An IndirectObject refers to an actual object (it's like a link or alias so that the total size of the PDF can be reduced when the same content appears in multiple places). The getObject method will give you the actual object.

If the object is a text object, then just doing a str() or unicode() on the object should get you the data inside of it.

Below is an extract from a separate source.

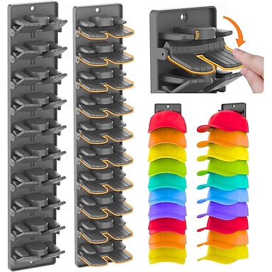 Conjunto de 2 organizadores para bonés de beisebol com presilhas de mola embutidas - suporte de parede para bonés de armário, organizador para porta/armário, cabide para bonés (adesivo forte)

Alternatively, pyPdf stores the objects in the resolvedObjects attribute. For example, a PDF that contains this object:

13 0 obj
<< /Type /Catalog /Pages 3 0 R >>
endobj

Can be read with this:

>>> import pyPdf
>>> pdf = pyPdf.PdfFileReader(open("pdffile.pdf"))
>>> pages = list(pdf.pages)
>>> pdf.resolvedObjects
{0: {2: {'/Parent': IndirectObject(3, 0), '/Contents': IndirectObject(4, 0), '/Type': '/Page', '/Resources': IndirectObject(6, 0), '/MediaBox': [0, 0, 595.2756, 841.8898]}, 3: {'/Kids': [IndirectObject(2, 0)], '/Count': 1, '/Type': '/Pages', '/MediaBox': [0, 0, 595.2756, 841.8898]}, 4: {'/Filter': '/FlateDecode'}, 5: 147, 6: {'/ColorSpace': {'/Cs1': IndirectObject(7, 0)}, '/ExtGState': {'/Gs2': IndirectObject(9, 0), '/Gs1': IndirectObject(10, 0)}, '/ProcSet': ['/PDF', '/Text'], '/Font': {'/F1.0': IndirectObject(8, 0)}}, 13: {'/Type': '/Catalog', '/Pages': IndirectObject(3, 0)}}}
>>> pdf.resolvedObjects[0][13]
{'/Type': '/Catalog', '/Pages': IndirectObject(3, 0)}
一页 2024-07-18 20:19:19

如果到处寻找物体,耶希亚的方法就很好。 我的猜测(查看 PDF)是它总是在同一个位置(第一页,在“MC0”属性中),因此查找字符串的更简单的方法是:

import pyPdf
pdf = pyPdf.PdfFileReader(open("file.pdf"))
pdf.getPage(0)['/Resources']['/Properties']['/MC0']['/MYOBJECT'].getData()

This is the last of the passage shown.